When I was testing out the creation of the email property with this subset, my first attempt was this -
MATCH (n:TESTPERSON{id:933})
SET n.email = "Mahinda933#hotmail.com"
RETURN n
MATCH (n:TESTPERSON{id:933})
SET n.email = "Mahinda933#yahoo.com"
RETURN n
As I was thinking, this just overwrites the email property to the value in the most recent query.
After looking at the answers here and on the Cypher docs, I found out that Neo4J allows you to set an array/collection (multiple values of the same type) as a property value, and then I tried this -
// CREATE test node
CREATE (n:TESTPERSON{id:933})
RETURN n
// at this time, this node does not have any `email` property, so setup
// email as an array with one string value
MATCH (n:TESTPERSON{id:933})
SET n.email = ["Mahinda933#hotmail.com"]
RETURN n
// Now, using +=, I can append to the array of strings
MATCH (n:TESTPERSON{id:933})
SET n.email = n.email + "Mahinda933#yahoo.com"
RETURN n
// add a third value to array
MATCH (n:TESTPERSON{id:933})
SET n.email = n.email + "Mahinda933#zoho.com"
RETURN n
Here's the result -
As you can see, the email property now has multiple values.
But the problem is that since my CSV file has thousands of rows, I need a generic query to do this.
I thought of using a CASE statement as per the documentation here, and tried this -
MATCH (n:TESTPERSON {id:933})
CASE
WHEN n.email IS NULL THEN SET n.email = [ "Mahinda933#hotmail.com"]
ELSE SET n.email = n.email + "Mahinda933#yahoo.com"
RETURN n
But this just throws the error - mismatched input CASE expecting ;.
I was hoping I could use this query as a generic way for my CSV file like this -
LOAD CSV WITH HEADERS FROM 'FILEURL' AS line FIELDTERMINATOR `|`
MATCH (n:TESTPERSON {id:toInt(line.Personid)})
CASE
WHEN n.email IS NULL THEN SET n.email = [line.email]
ELSE SET n.email = n.email + line.email
But I don't even know if this would work, even if the CASE error is fixed.
I'm really stumped, and would appreciate any help. Thank You.
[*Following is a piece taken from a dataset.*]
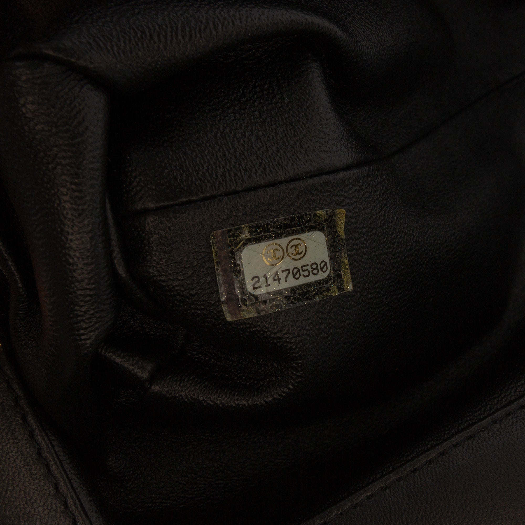 This clutch bag features a lambskin leather body, an open top with snap closure, and an interior zip pocket. Inclusion: authenticity card. Retail Price: 2450.00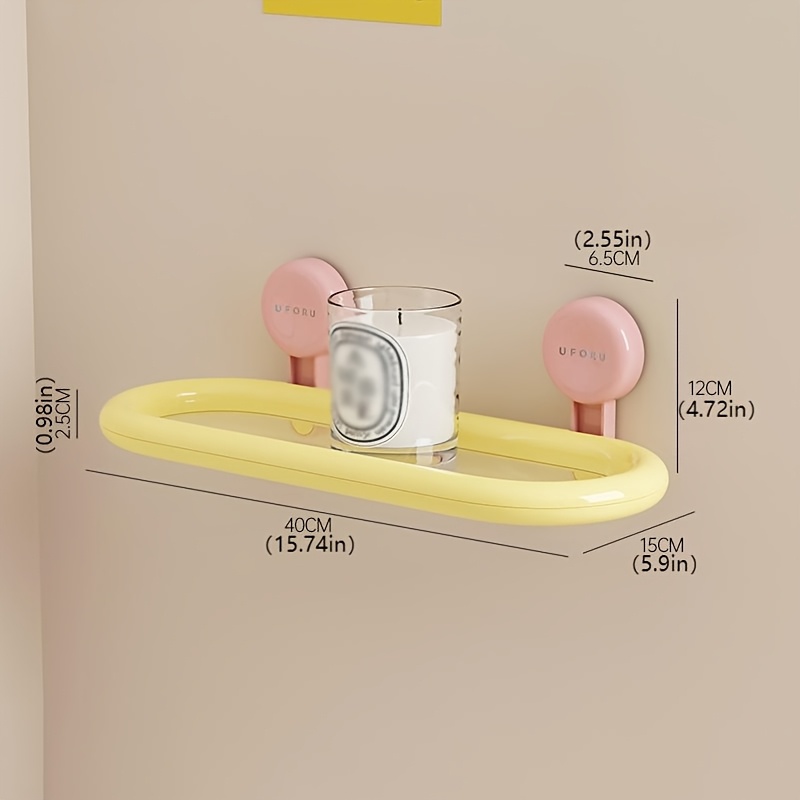 TEMU 모던 화이트&클리어 아크릴 플로팅 선반 - 드릴 필요 없는 접착식 벽걸이 욕실 수납 선반, 거울 간격 디자인, 공간 절약형 레이어드 캐비닛 디바이더, 화장품, 샤워용품 정리 - 쉬운 조립, 다목적 사용, 플로팅 선반

You can use COALESCE() to use a default value in case the value you're trying to get is null. You might use it like this:
...
SET n.email = COALESCE(n.email, []) + "Mahinda933#yahoo.com"
...
Whenever you're setting an array of values as a node property, it's a good idea to consider whether you might instead model these as separate nodes with relationships to the original node.
In this case, :Email nodes with some relationship to your :TESTPERSON nodes, with one :Email node per email, and multiple relationships from :TESTPERSON to multiple :Emails.
An advantage here is you'd be able to support uniqueness constraints, if you want to ensure there's only one :Email in the system, and you would be able to quickly look up a person by their email if you have an index or unique constraint, as the query would use the index to lookup the :Email and from there it's only one relationship traversal to the owner of the email.
When you have values in a collection on a node, you can't use an index lookup to a value in the collection, so your current model won't be able to quickly lookup a person by their email.
Try this solution using MERGE:
LOAD CSV WITH HEADERS FROM 'file:///p.csv' AS line FIELDTERMINATOR '|'
MERGE (p:Person {id:toInteger(line.Personid)})
ON CREATE SET p.mail = line.email
ON MATCH SET p.mail = p.mail + '-' + line.email
The MERGE command take care of the duplicate nodes, and then we're setting the properties only when the node is created with ON CREATE SET, and when the node is already in the database (i.e. ON MATCH SET), we're going to add the email address to the property.
Hope that helps.
This is my result in Neo4j:
A quick workaraound is to load your data in two steps
1/ LOAD CSV, create node with empty array property
2/LOAD CSV again, set emails +=
3/ Optionnal, depending on your data for each node, remove doubles in the array (do it with a custom procedure).
Should do it. I also am not very happy with the CASE syntax
Related
I'm using Lucee 5.x and Maria DB (MySQL).
I have a user supplied comma delimited list. I need to query the database and if the item isn't in the database, I need to add it.
user supplied list
green
blue
purple
white
database items
black
white
red
blue
pink
orange
lime
It is not expected that the database list would grow to more than 30 items but end-users always find 'creative' ways to use the tools we provide them.
So using the user supplied list above, only green and purple should be added to the database.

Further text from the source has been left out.